Task statement: Write the records out again exactly as they read, dropping any picture they hold.

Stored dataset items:
====================
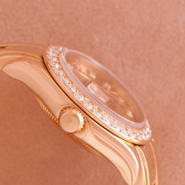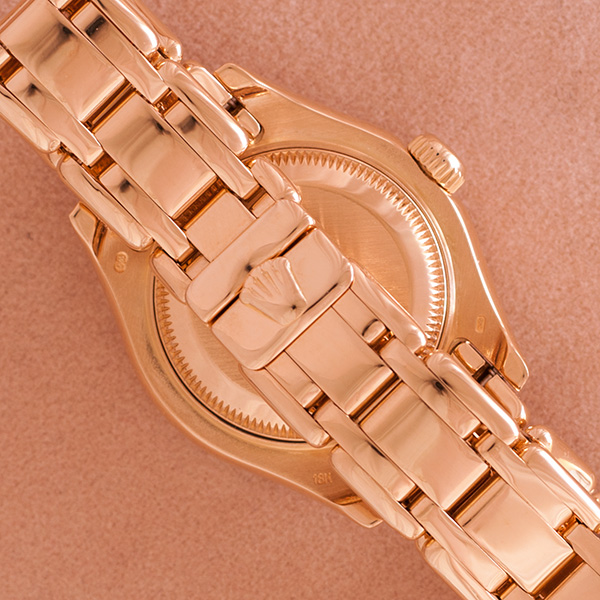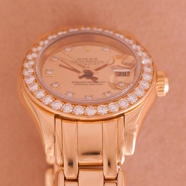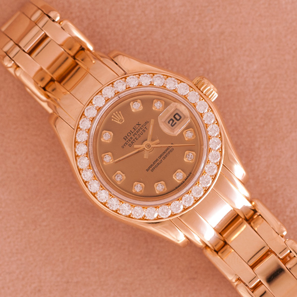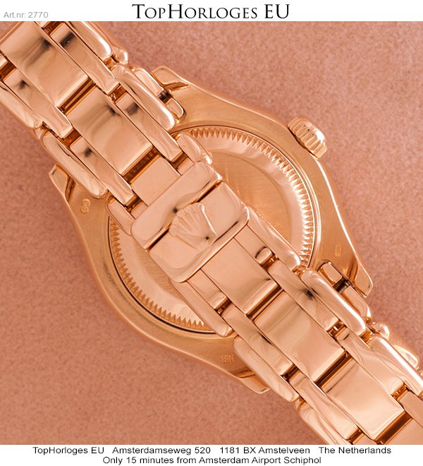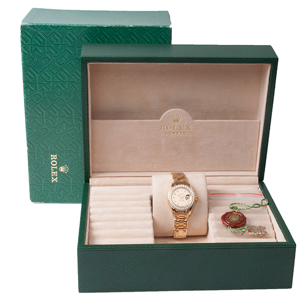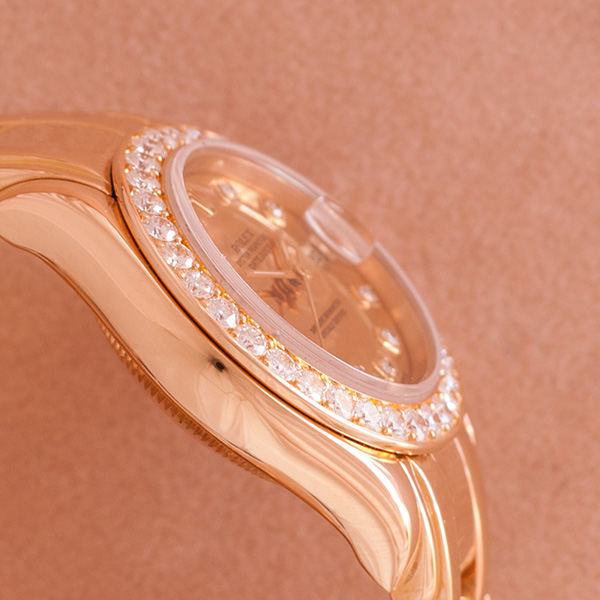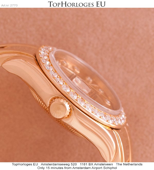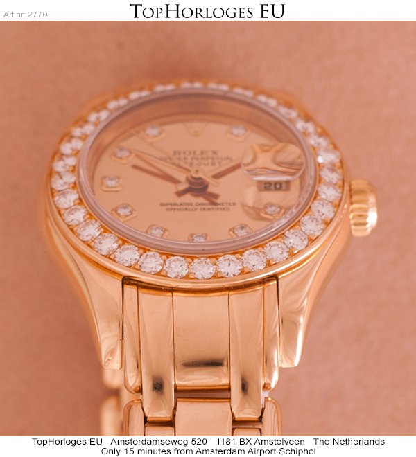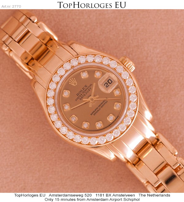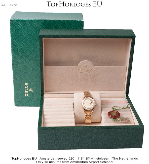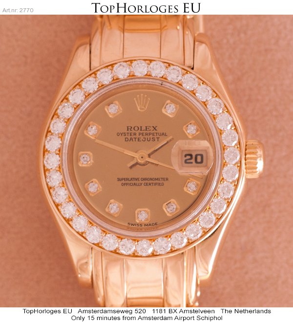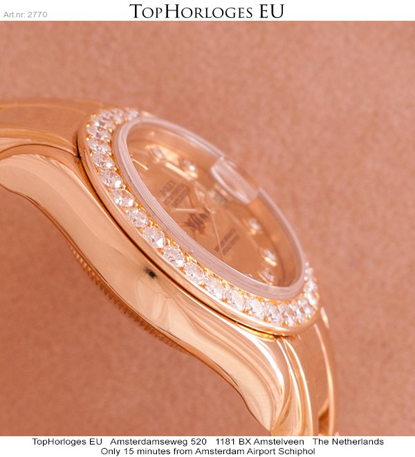 Een zeer mooie Rolex lady datejust Pearlmaster met gouden band en originele met briljant bezette lunette.
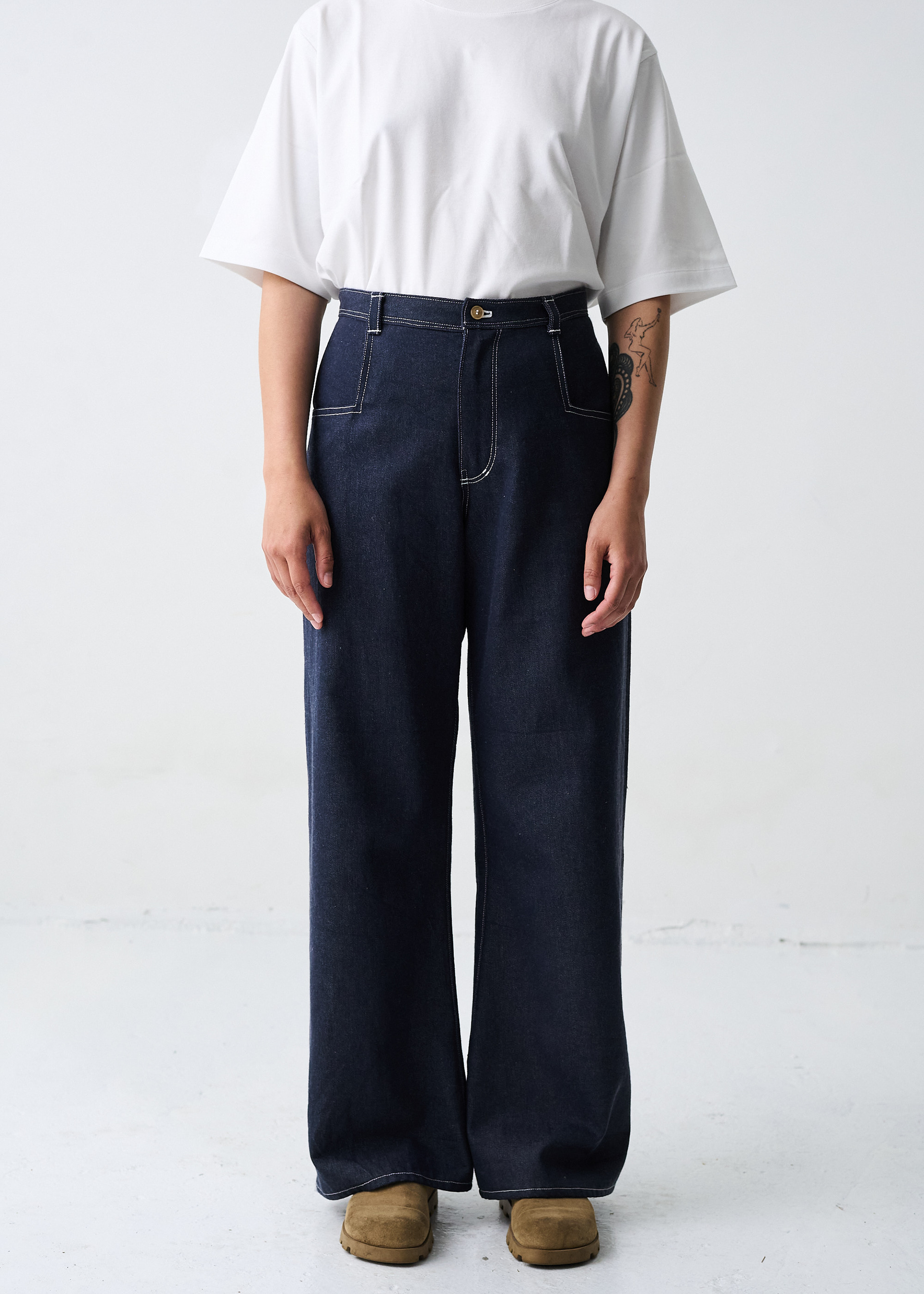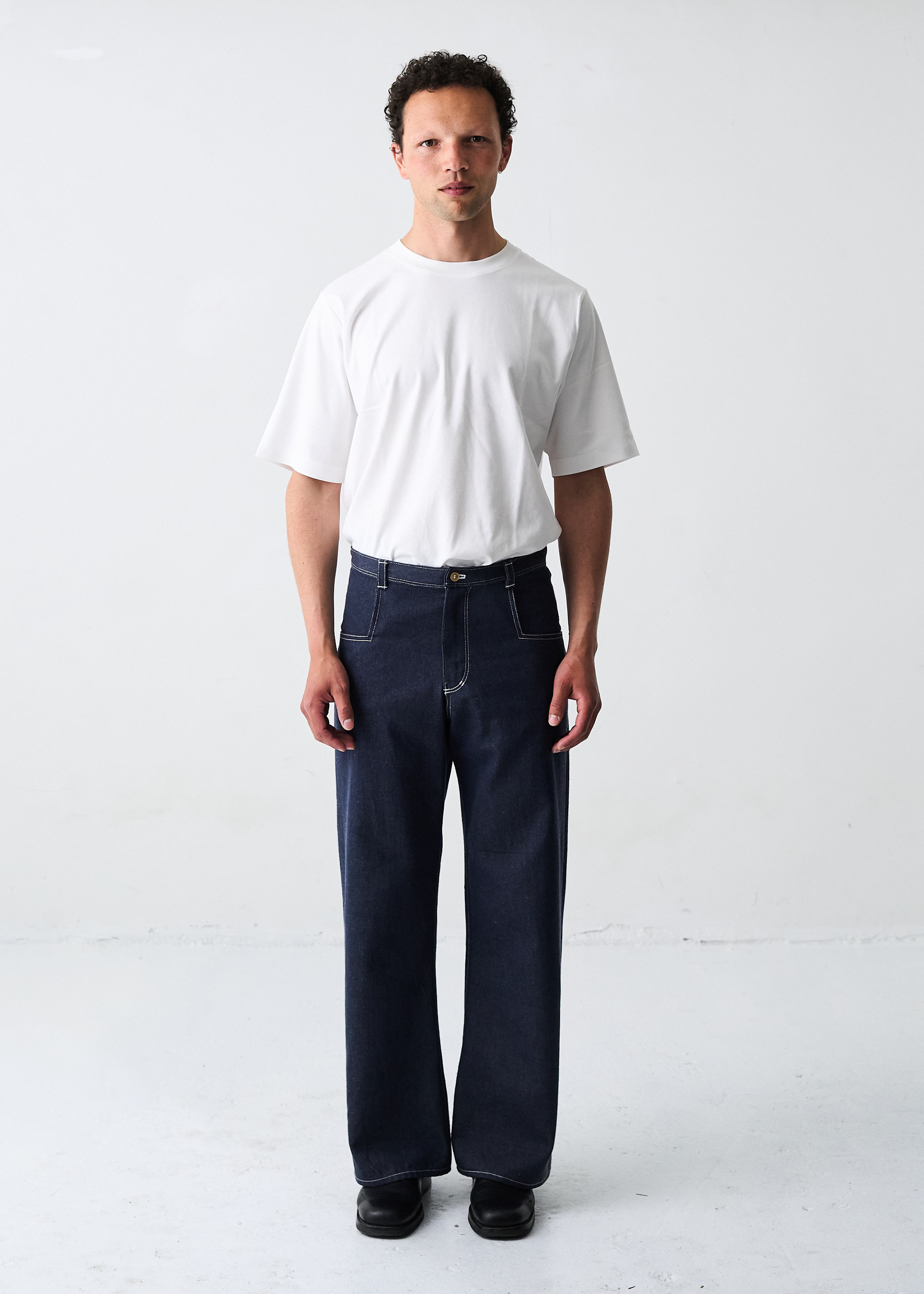 unisex relaxed wide leg fit made from deadstock organic denim cotton 2200 DKK / 295 EUR
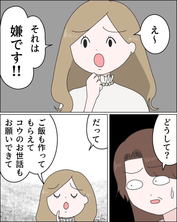 私の都合や負担は一切考えず、あまりに頻繁にコウくんのお世話を簡単に頼んでくるアミちゃん。モヤモヤが募った私は「私を利用するなら同居を解消してほしい」ともう一度伝えました。
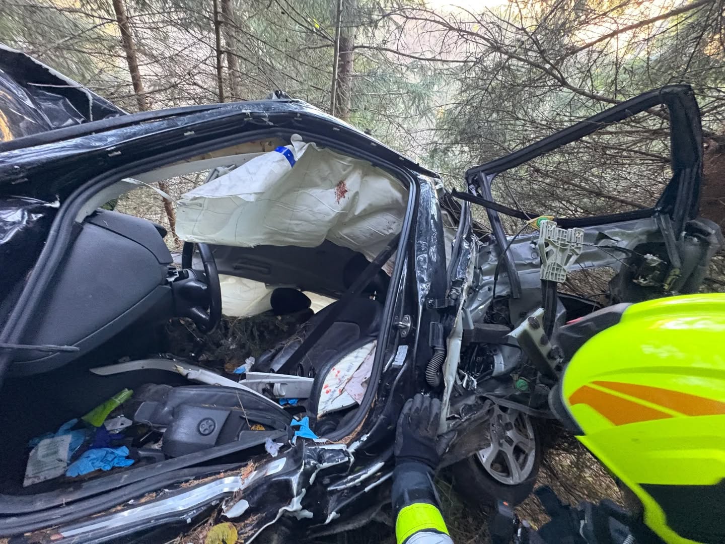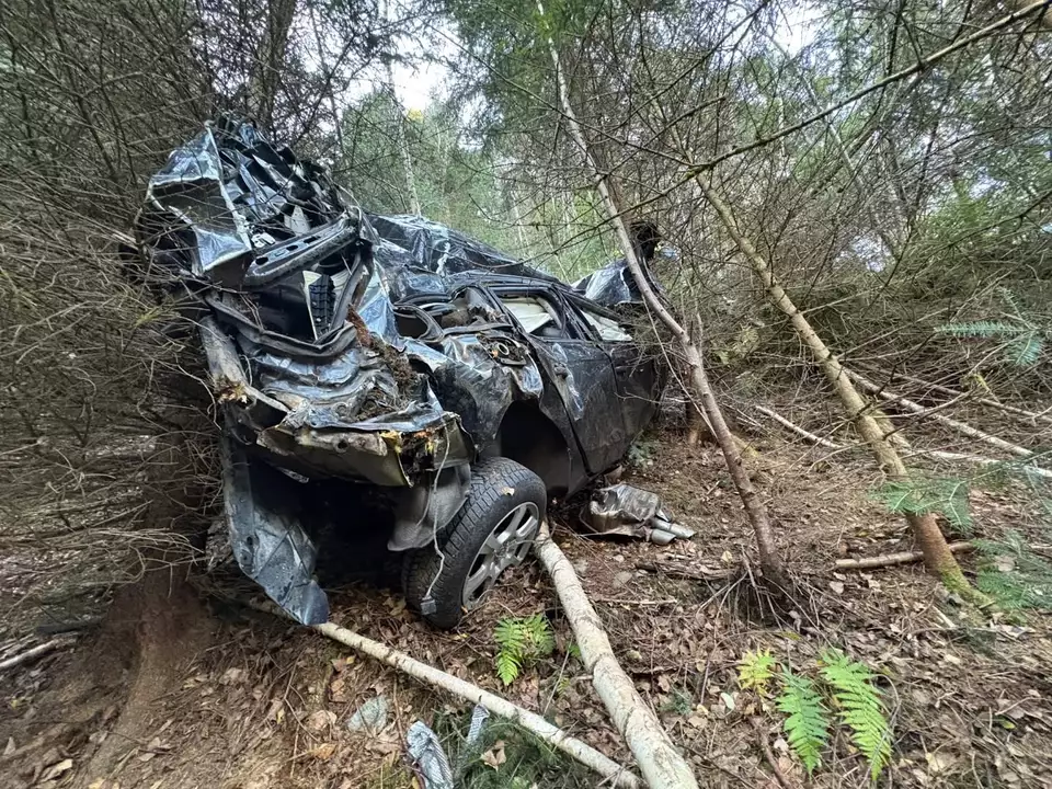 Das Fahrzeug war aus noch ungeklärter Ursache von der Fahrbahn abgekommen und über den Hang in den Wald gestürzt. Die Suche nach dem Wrack gestaltete sich für die Einsatzkräfte äußerst schwierig, da das Gelände steil und stark bewachsen ist.
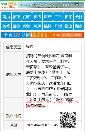 招聘【邢台N多寿司:寿司制作人员,要求干净、利索、带薪培训,有经验者优先,底薪十提成+全勤奖十工龄工资2天公休,工作地点:公园东街店(达活泉东门口)、公园西街店(阳光国际北门)、育英街店。(临时工短期工勿扰) 18632086096同微信 聘
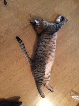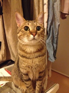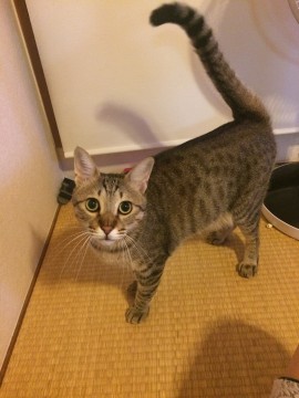 キジトラで目が丸く、尻尾と胴が長くて大きめの猫です。とても臆病な性格です。
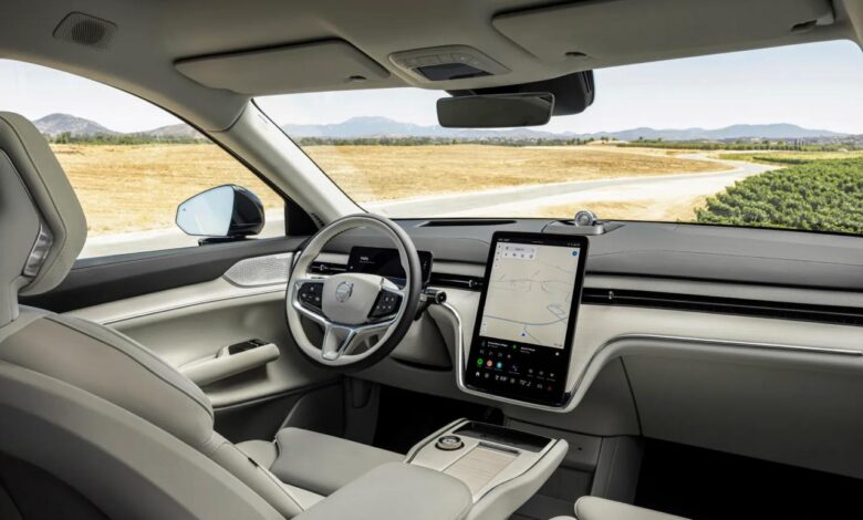 بينما زودت المقصورة الداخلية للسيارة فولفو EX90 بخصائص وصفات عملية. فتبدو لوحة القيادة بشكل أنيق. كما أنها تشتمل على شاشة لمسية لفتح صندوق التابلوه أو لضبط المرآة.
====================
Answer section:
 Een zeer mooie Rolex lady datejust Pearlmaster met gouden band en originele met briljant bezette lunette.
 unisex relaxed wide leg fit made from deadstock organic denim cotton 2200 DKK / 295 EUR
 私の都合や負担は一切考えず、あまりに頻繁にコウくんのお世話を簡単に頼んでくるアミちゃん。モヤモヤが募った私は「私を利用するなら同居を解消してほしい」ともう一度伝えました。
 Das Fahrzeug war aus noch ungeklärter Ursache von der Fahrbahn abgekommen und über den Hang in den Wald gestürzt. Die Suche nach dem Wrack gestaltete sich für die Einsatzkräfte äußerst schwierig, da das Gelände steil und stark bewachsen ist.
 招聘【邢台N多寿司:寿司制作人员,要求干净、利索、带薪培训,有经验者优先,底薪十提成+全勤奖十工龄工资2天公休,工作地点:公园东街店(达活泉东门口)、公园西街店(阳光国际北门)、育英街店。(临时工短期工勿扰) 18632086096同微信 聘
 キジトラで目が丸く、尻尾と胴が長くて大きめの猫です。とても臆病な性格です。
 بينما زودت المقصورة الداخلية للسيارة فولفو EX90 بخصائص وصفات عملية. فتبدو لوحة القيادة بشكل أنيق. كما أنها تشتمل على شاشة لمسية لفتح صندوق التابلوه أو لضبط المرآة.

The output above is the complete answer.